Quoi qu’il en soit, Saint-Laurent, malgré sa décadence, offre encore un joli aspect. C’est un établissement bien situé, bien bâti, bien aéré ; c’est l’emplacement d’une belle ville, mais on ne crée pas des villes avec des règlements d’administration et des surveillants militaires.

Peuplades de l’intérieur. — En 1886 le R.P.Brunetti remonta le cours de la rivière Mana jusqu’à 300 kilomètres dans l’intérieur et fit connaissance avec différentes peuplades.

Le quatrième dimanche de Carême, il eut la consolation de baptiser un Grand Man (grand chef) avec toute sa famille.

« Grande et touchante cérémonie ce matin, écrit-il dans son journal de voyage à la date du 4 avril.
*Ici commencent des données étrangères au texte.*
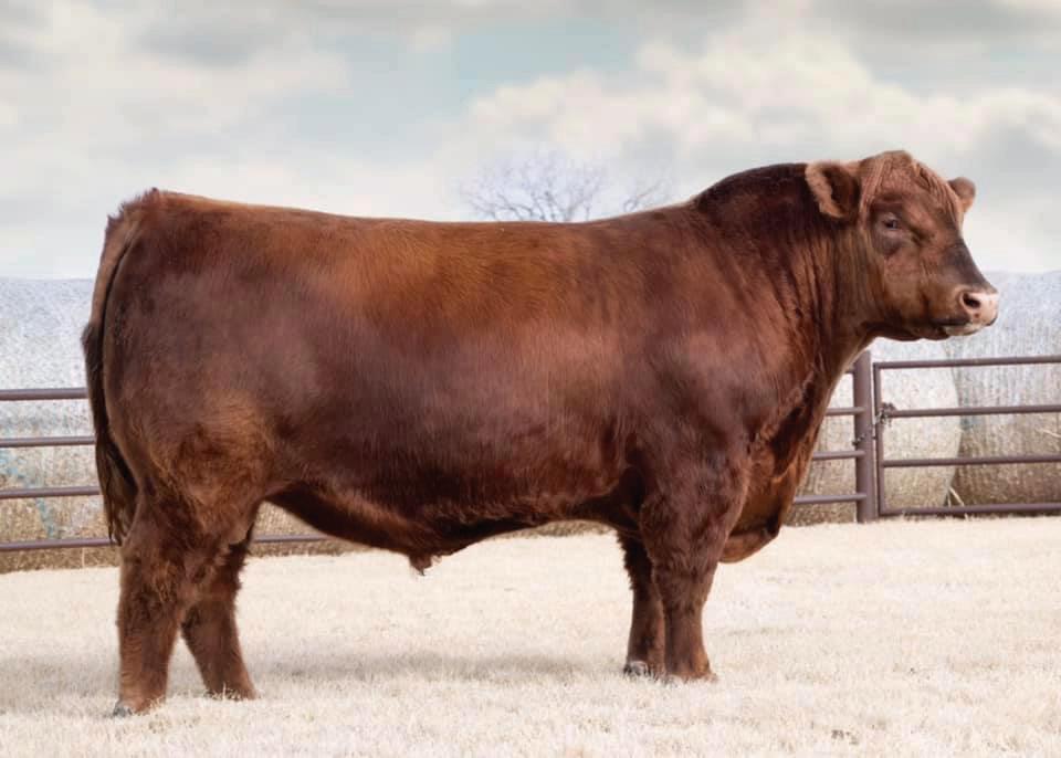 DUFF FEARLESS 20123 – Has not been on the open market EVER and only sold through the Power Plus Sale one time and averaged over $300.00 Per straw! You want to talk about stre---tch, this bull has it. All wrapped in a superbly stylish design, Fearless dominates with his length of spine, width over his topline and hip, and moves flawlessly. When you first lay eyes on him, it’s truly hard to grasp the overall muscle mass he has from front to back, carrying it with ease. I would venture to say he stands in a league all his own. With American Angus Association opening their doors to the Red Angus breed by accepting homozygous black animals, Fearless is routed to make a huge impact. He is truly an animal that can redefine Angus cattle, especially with the dominating force of his dam.
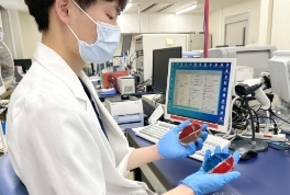自動で血球計数検査を実施後、塗抹・染色された標本を鏡検します。異常所見があった場合は、資格を持つ専任技師が疑われる疾患や関連検査の推奨などを医師に連絡、電子カルテに記述します。検査室から臨床に出て骨髄穿刺の補助、標本作成、鏡検を行います。
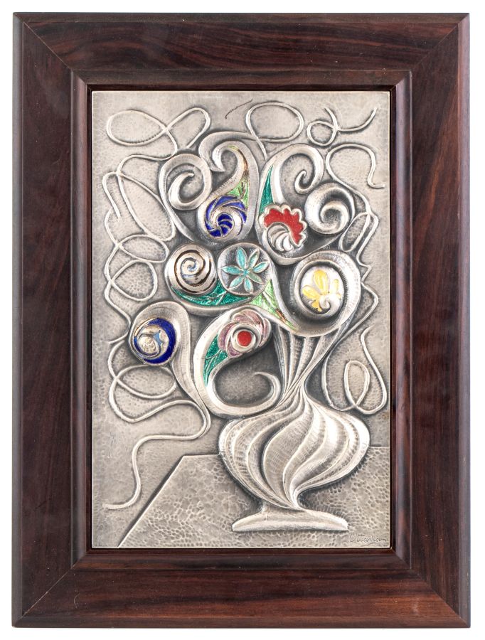 con cornice originale in legno, lastra in argento 925/1000 sbalzato a raffigurare un vaso da fiori, decorato con applicazioni in smalti policromi. Firmato OTTAVIANI, argentiere attivo a metà del Novecento.

Notre petite chapelle champêtre avait été parée de ses plus règne végétal et surtout par la magnifique famille des palmiers dont les bords du Maroni possèdent presque toutes les variétés. Après la sainte Messe, a eu lieu, dans la chapelle, en présence de toute l’assistance, attentive et recueillie, le baptême solennel du Gran-Man Anato, de sa femme et de ses trois enfants. Le Gran-Man a reçu le nom de Paul et sa femme celui de Pauline : les trois filles portent les noms d’Henriette, de Marie et de Madeleine.

« En outre, ont été jugés capables de recevoir le baptême, Couami, notre chasseur, sa femme et ses deux enfants, ainsi qu’un excellent jeune homme, Couacou, qui nous avait accompagnés de Sparwin jusqu’à Cottica.

« Après la cérémonie, il y a grand conseil présidé par Anato et l'on y décide à l'unanimité que, dans la tribu des Bonis, tout le monde sera baptisé. Le Grand-Man, se faisant l'interprète de l’honorable assemblée, vient me transmettre cette importante décision, en me priant de leur envoyer le plus tôt possible un missionnaire pour les instruire et les préparer au baptême ; il me dit en même temps qu'ils construiront une haussou gadou (une chapelle) et que Massa-Gadou ne manquera de rien au milieu d'eux.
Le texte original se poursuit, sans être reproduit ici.